Scherzer’s start on Thursday was his first at Coors Field since 2016. He entered the day with a lifetime 0-3 record, 5.88 ERA and 1.65 WHIP at the Rockies’ home ballpark.

“I didn’t have a problem with the shape of my pitches,” Scherzer further explained. “I had a problem with the grip. I was constantly searching with how to get grip, especially on my curveball. I didn’t feel like I had a good curveball. I wasn’t able to land it for strike.

“Once you lose the feel for one pitch, you’re constantly searching for what you want to do mechanically, what you want to do to execute, and I got out of wack. This happens. You’re never perfect. Stuff like this happens, especially if you pitch here.

“For me, it was the grip, it wasn’t the shape of the pitches. You just learn from it. You learn what you need to be able to do in these situations and how to mechanically stay within yourself to be able to execute.

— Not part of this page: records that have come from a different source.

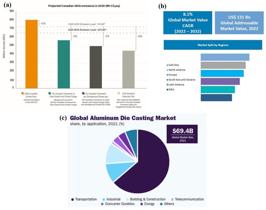 (a) Projected Canadian GHG emissions in 2030 in terms of CO2 equivalent [3]. (b) Global Al alloy market value split by regions from 2022−2032 [11]. (c) Global Al die−casting market share by application [9]. Reproduced with permission from open-access websites.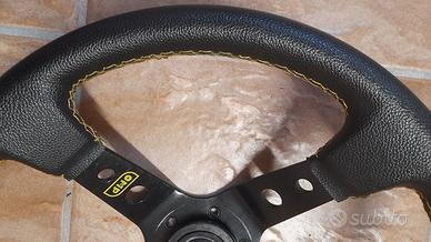 Volante a calice Omp per Lancia Delta Integrale. Profondità circa 9 cm. Corona rivestita in similpelle con cuciture gialle senza alcun segno di usura. Tappo clacson con stemma Lancia.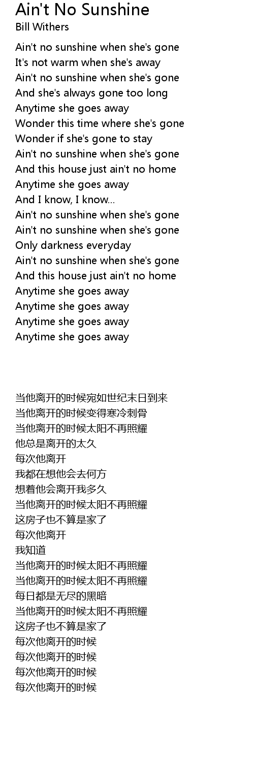 Ain't No Sunshine Lyrics

“As much as it stinks to go out there and give up five runs, especially when the offense puts a three-spot on there, you feel good if you can put a zero up and get deep into a ballgame. Unfortunately that’s not how it worked.

“The bullpen was able to go out there and do a better job. They did a great job of going out there and throwing up zeros, even when we were losing, to keep it a two-run game. That’s what makes it a team win and why it feels good.”

Roberts thought Scherzer had ‘great gameplan’

Dodgers manager Dave Roberts agreed with Scherzer’s assessment and felt his curveball was most affected by his grip struggles. “I thought he and Mark Prior had a great gameplan,” Roberts began.

“The curveball just couldn’t finish and get to the plate. It kept backing up just a tick. He just couldn’t finish that pitch.”